Our study has a number of limitations. Histopathological confirmation is not available in any of our subjects (PPA or AD). While preliminary studies suggest strong correlations between in vivo
PIB-PET signal and in vitro
measures of Aβ found on autopsy,31, 32
further work is needed to validate the accuracy of PIB-PET in predicting underlying AD. As discussed above, we cannot exclude FTLD co-pathology in patients found to be PIB-positive, although the relatively young ages of our patients, particularly in the LPA group (), decreases the probability of “age-related” amyloid to some degree. The relatively small number of patients studied in each PPA subgroup limits our precision in estimating the prevalence of Aβ amyloidosis in each variant, and limits our power to detect subtle differences in PIB and FDG uptake between PPA variants and between PPA and AD. Furthermore, the PIB data for one LPA patient was excluded from quantitative analyses for technical reasons, and the significance of tracer lateralization in another LPA patient who is left-handed is difficult to interpret due to the ambiguity of hemisphere dominance. Despite these limitations, our study demonstrates that PIB-PET is a promising diagnostic tool for excluding Aβ amyloidosis in PPA, and a useful research tool for studying the relationships between Aβ amyloid, clinical presentation, and neuronal structure and function.

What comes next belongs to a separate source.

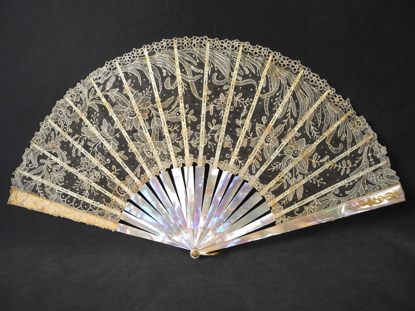 Comments: A Point de Gaze fan with MOP sticks. Quite an interesting design in the lace with the drooping leaves along the top, with a little frill of flowers at the upper edge. The lace is flat with a few needlemade modes for a small amount of relief. Interesting. Note the monogram on the guard stick, which also brings it up a notch in quality. I don’t see any break s in the lace, but it is quite stained.

In summary, using PIB-PET we have demonstrated an association between the logopenic variant of PPA and Aβ amyloidosis. Furthermore, we found that language phenotype in PPA is closely related to metabolic changes that are focal and anatomically distinct between PPA subtypes, but not to amyloid deposition patterns that are diffuse and similar to AD. Combining PIB-PET with careful clinical characterization and structural and functional imaging may improve in vivo predictions of underlying pathology in PPA, and help elucidate the relationships between amyloid deposition, clinical presentation and functional and structural changes in focal cortical presentations of AD. Further studies with larger numbers of patients followed to autopsy are needed to confirm our findings.